# 10 in 1 Imperial Dumbbell Bicycle Spanner.



## EltonFrog (22 Feb 2019)

as above a bit like the one below but in old money measurements. 




Anyone got one they don’t want? 

Can’t seem to find an old one in the usual places.


----------



## Sharky (22 Feb 2019)

Brings back memories. Bikes used to have hex nuts everywhere. Brakes, saddles, stem , wheels etc. Now nowhere to be seen , except on my fixie.


----------



## alicat (23 Feb 2019)

Think I might have one. I'll look in the morning.


----------



## alicat (23 Feb 2019)

Hi @CarlP, I've just checked and mine is metric. Sorry for getting your hopes up.


----------



## EltonFrog (23 Feb 2019)

alicat said:


> Hi @CarlP, I've just checked and mine is metric. Sorry for getting your hopes up.


Thanks for looking, I appreciate it.


----------



## berty bassett (23 Feb 2019)

I will look in morning. I inherited one from granddad and he died 1978 so if I can find it , it should be imperial


----------



## Ming the Merciless (23 Feb 2019)

Will look in morning


----------



## GM (23 Feb 2019)

Carl, I bought one about 2 months ago from John's Cycles in Barnet for about £3.50. Great shop BTW.

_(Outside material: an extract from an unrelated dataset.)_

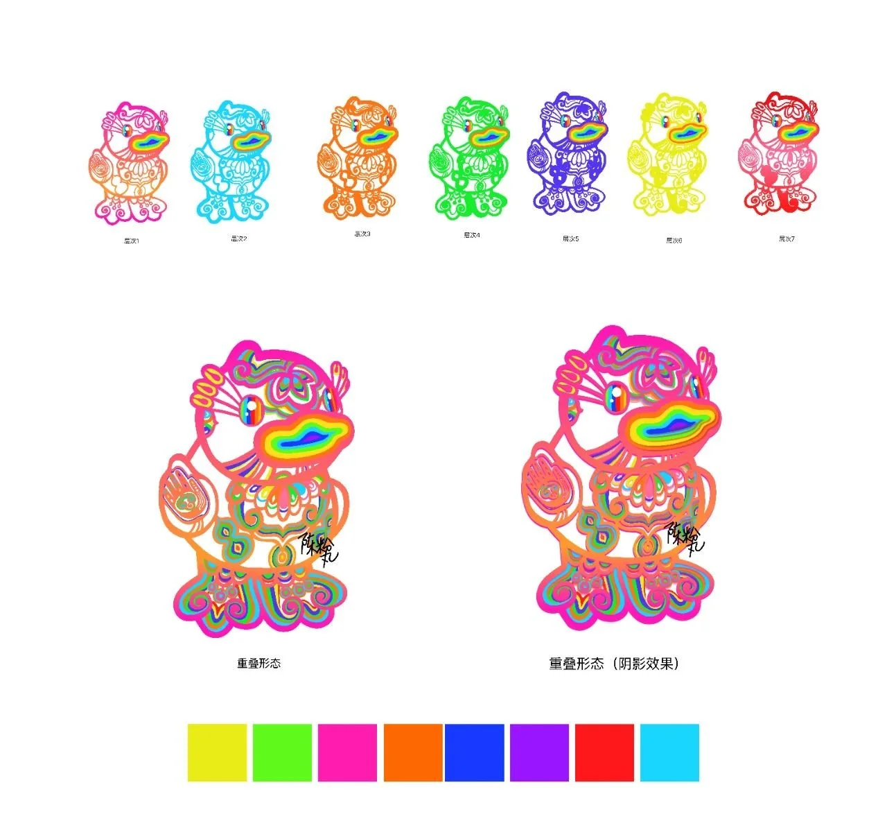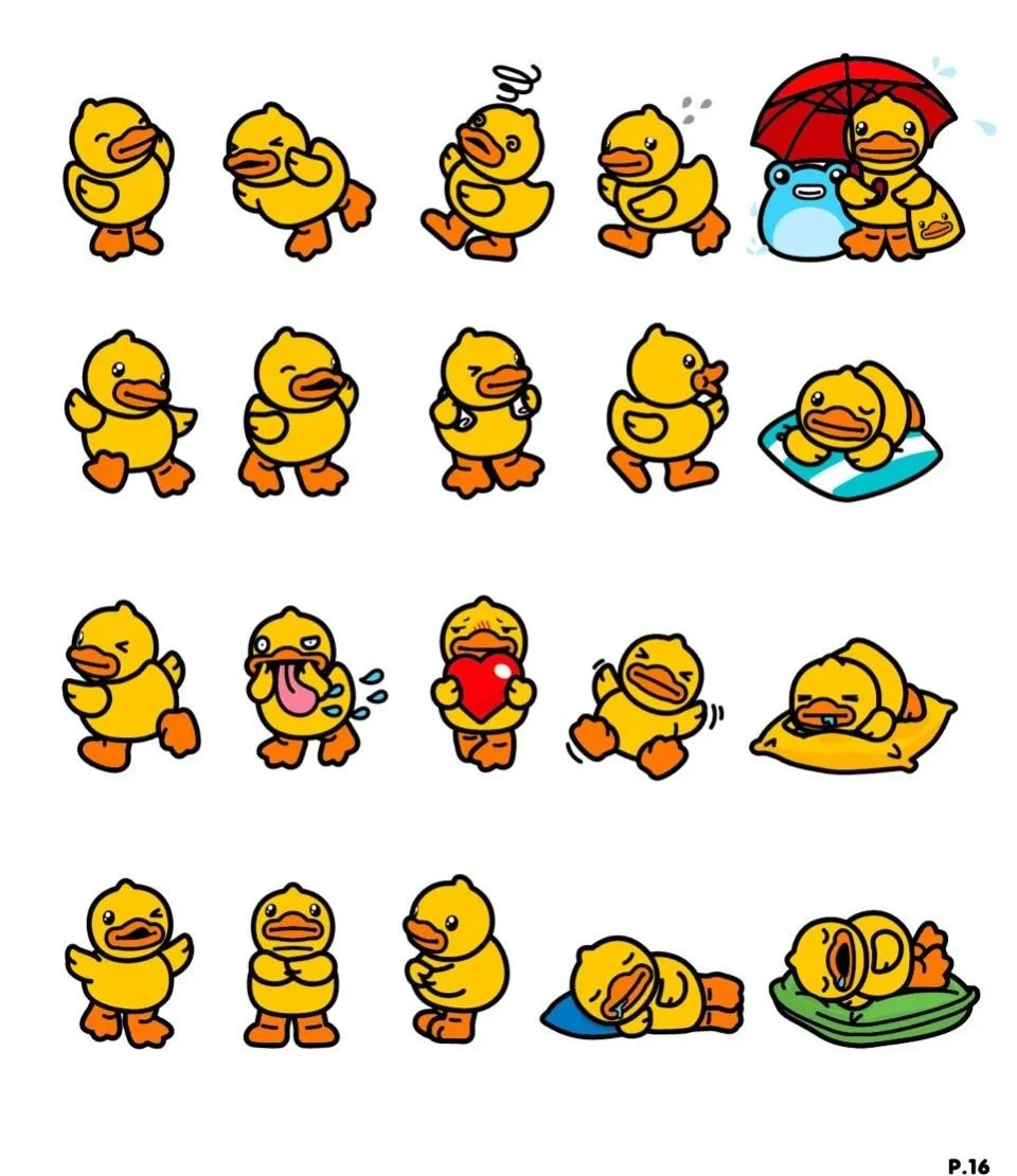 右为小黄鸭原有经典形象对比 (部分,由品牌提供) ; 左为粉丸手稿,小黄鸭联名形象分层解析。(未经允许请勿取用)

Edit. Oops bad me, just checked my one and its metric.


----------



## EltonFrog (23 Feb 2019)

berty bassett said:


> I will look in morning. I inherited one from granddad and he died 1978 so if I can find it , it should be imperial





YukonBoy said:


> Will look in morning



Thank you.


----------



## Kempstonian (23 Feb 2019)

I have one which I've had since the 1960s... but I used it today, proving I should hang on to it! Best of luck in finding one though 

Mine has U.C.P. on the edge of one of the ribs and 'ENGLAND' on the opposite side one.


----------



## EltonFrog (23 Feb 2019)

I have one too, which is in the tool bag of my Kingpin, I want one for the bag that I will have for my BSA.


----------



## Kempstonian (23 Feb 2019)

Yeah, I was just thinking that little spanner must have travelled thousands of miles with me. I kept it in my saddlebag, or in a musette, wherever I went. Then it went in my toolbox, where it stayed for many years. Very useful little tool though... 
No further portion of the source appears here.